Other papers reveal additional scope conditions. The ASR-based non-intrusive system does not model hearing loss explicitly and uses only a logistic rescaling fitted on CPC2 training sets, which limits listener-specific adaptation. DeepGESI does not ingest per-listener audiograms and is trained on objective GESI rather than subjective listener responses. MBI-Net+ shows that metadata about the enhancement method and an auxiliary HASPI objective can improve aggregate performance, but its gains are not uniform across all tracks and the paper does not report system-classifier accuracy or broader metadata such as SNR, noise type, or room parameters (Tu et al., 2023, Luo et al., 22 Dec 2025, Zezario et al., 2023).

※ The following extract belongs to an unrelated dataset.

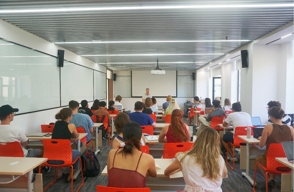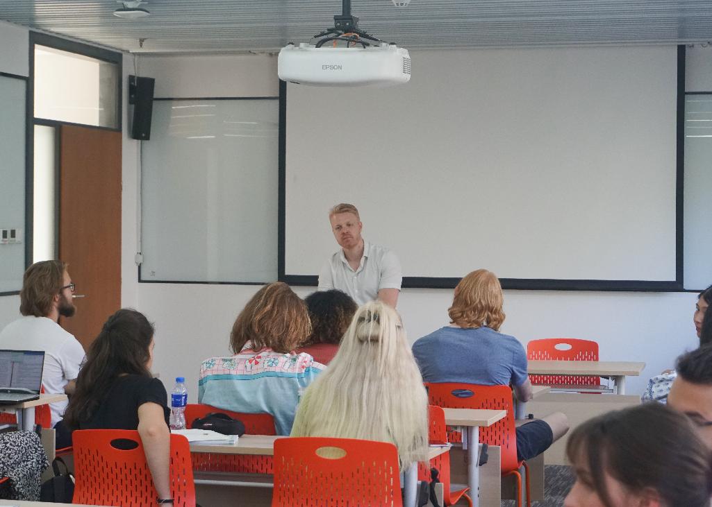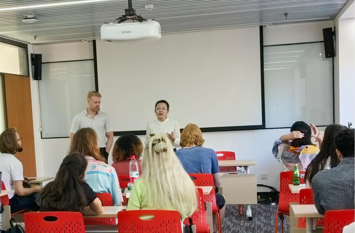 9月22日(星期五)下午,国际项目留学生交流活动在国际关系学院C201教室举行。本次活动的主题在于通过往届毕业生的交流分享,帮助双硕士项目学生熟悉在中国的工作机会,分享工作体会和求职经验。活动由北大-巴政项目主任徐沁仪老师主持,邀请2017年毕业于北大-巴政双学位项目的Mathias Larsen作为主讲嘉宾,与在场的三十多名留学生分享他在北大学习的经历以及在中国工作生活的经验。
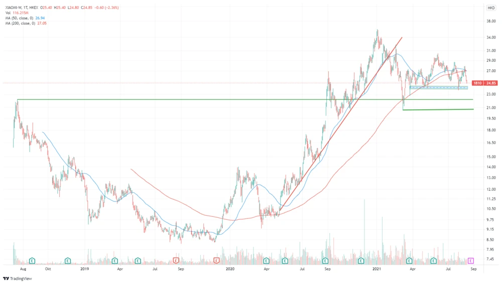 Bei den chinesischen Tech- und Internet-Aktien hat es zuletzt richtig gescheppert. Seit der Regulierungswelle in China befinden sich unter anderem die Anteilscheine von Alibaba, Bilibili oder Tencent noch immer auf Talfahrt. Die Xiaomi-Aktie hat sich zwar bisher verhältnismäßig gut gehalten, steht aber im Moment an einer enorm wichtigen Marke. Das sind die Details.

Within speech perception research, CPC2 is significant because it operationalizes non-intrusive, listener-aware, binaural intelligibility prediction under hearing-aid processing constraints. The strongest results to date indicate that frozen SFMs combined with lightweight audiogram-conditioned heads and binaural interaction modeling can outperform challenge baselines and prior submissions, while ensembles reveal substantial complementarity across pretrained representations. This suggests that CPC2 is not merely a leaderboard problem but a structured probe of how well current speech representations encode perceptually relevant information for hearing-impaired listening under realistic noise and amplification conditions (Cuervo et al., 2024).